Review of Creation

Creation (I) (2009)
7/10
Interesting
30 March 2010
The British film, Creation, finally showed up in Sacramento. I'd been looking forward to it for some time as being a BBC product, I know the script would be well written and with the competent Paul Bettany and lovely Jennifer Connelly as CR and Emma Darwin, I knew that alone would be worth the price of admission for 2 seniors.

The storyline pretends to focus on the preparation of CR's writing On the Origin. I'd known that, of course, not from just being a Darwin addict but also from reading the reviews in the New Yorker, Time and New York Review of Books. Visually, the film is delightful with splendid costuming and recapturing visual scenes of those times. The story largely unfolds in at the Darwin house in Down with some spot flashbacks. The supporting cast is likewise superb with Jeremy Northam as the local Vicar, Innes, Toby Jones as Huxley and Ben Cumberbatch as Hooker. So, I walked in and prepared to be delighted.

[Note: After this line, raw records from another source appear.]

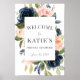 Navy & Blush Blommig Bröllopsfest välkomstskylt Poster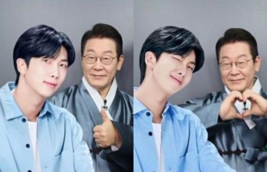 이재명 대통령이 방탄소년단(BTS) 멤버 RM과 함께 촬영한 듯한 네 컷 사진을 공개해 눈길을 끌었다. 실제로는 RM 얼굴이 삽입된 프레임을 활용한 사진으로, 이를 본 RM은 "합성이냐"며 놀라움을 드러냈다.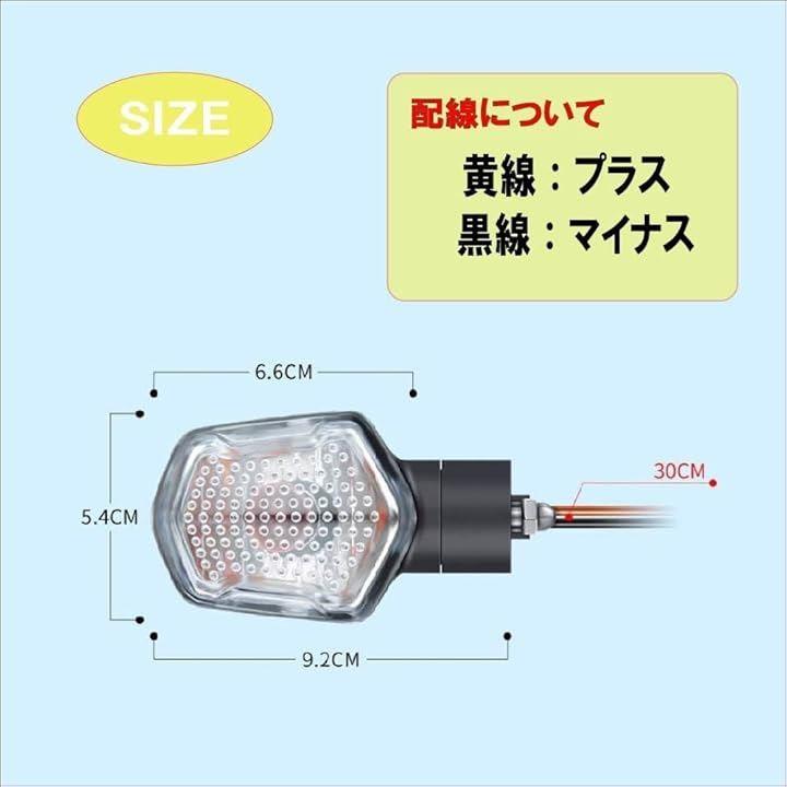 「商品内容」・本体 4個セット(配線付き/長さ約30cm)「材質」・高品質ABS「カラー」・ボディー:ブラック・レンズ:クリア「発光色」・アンバー「配線について」・黒線:マイナス・黄線:プラス「参考適合車種」・ホンダ ZOOMER X / MSX125 * 記載している車種以外にもサイズ等が合えばご使用(流用)が可能です。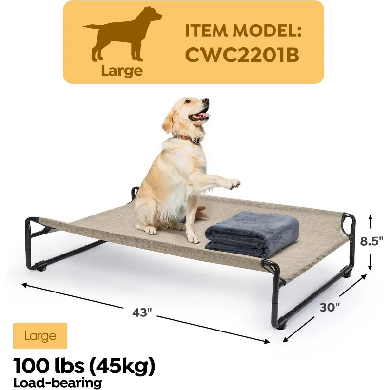 - Large Elevated Dog Bed. Composed of powder-coated steel and textilene mesh and flannel dog blanket. 43"L x 30"W x 8.5"H (109x76x22 cm), fits up to 110 lbs(50kg). Upgraded rubber anti-skid feet can grip the floor better.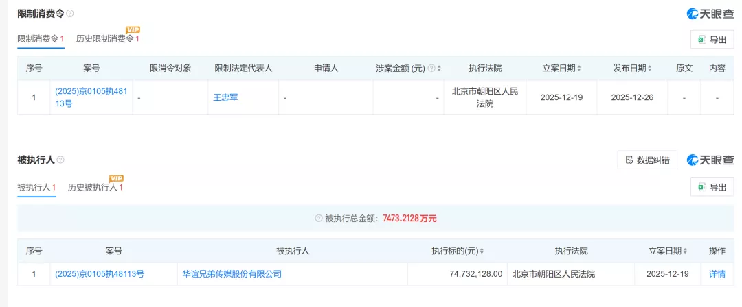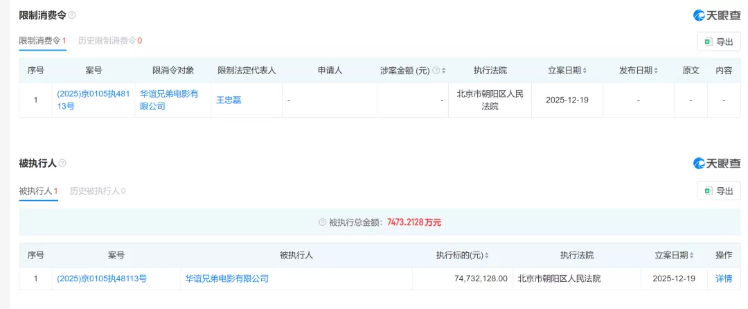 据天眼查官网显示,近日华谊兄弟旗下两家核心公司华谊兄弟电影有限公司、华谊兄弟传媒股份有限公司及其法定代表人王忠磊、王忠军被北京市朝阳区人民法院限制高消费,涉及7473万元执行案件。

However, what unfolds is a hodge-podge of romantic speculation surrounding the death of Annie Darwin, which portrays her as a ghostly manifestation of CR's alter Ego, drawn out on a canvas of his misgivings about promulgating his ideas on natural selection. There is some excellent repartee presented on the gentle but firm coaxing by Hooker and aggressive and feisty prodding by Huxley, but behind it, you the portrayed ideological misgivings of Emma who is presented as much more fundamentalist in her views than the recorded biographies of the Darwins afford.

The Wedgewoods and Darwins were hardly that docternaire. Indeed, they were Unitarians, Whigs and outspoken abolitionists. Old Joshua Wedgewood and Erasmus Darwin, CR and Emma's common grandfathers, were active supporters of the abolitionist, William Wilberforce, Soapy Sam's father. So, for the serious Darwin history buff, there's a rub.

However, what follows is a presentation as CR as kind of schizophrenic John Nash who pursues his ghostly alter ego manifestation, his dead daughter, Annie, into a final confrontation with his own grief.

OK. We're not seeing documentary, I remind myself, we're seeing fictional biopic. So, we can let that part go. However, the scene where CR gives his ms of the On the Origin, to Emma and then the discretion to read or burn, stretches the point out proportion in my view.

Other points: little is made by CR's receiving Wallace's letter and paper on Natural Selection. Bettany's CR merely gives a somewhat cynical grin, dismissing this startling news with a "Gosh. I didn't need this ..." attitude. Lyell, alas, is completely written out of the script to give the Rev. Innes more screen time to press the point of a religious conflict that, according to received wisdom and well documented historical evidence, CR had long resolved in his own mind.

So, all and all: As an anthropologist and live-long Darwin scholar and fan, I'd give Creation a B- on the academic side based on what I perceive as a distortion of the relevant facts and evidence but certainly an A- on the quality of BBC historical drama. There's no doubt in the any of the biographers' works on CR that he and Emma were devastated by Annie's death by either typhus or diphtheria. However, to present the life and conflict of a man dedicated to the scientific method within a mystical light and framework, I found to be most discomforting.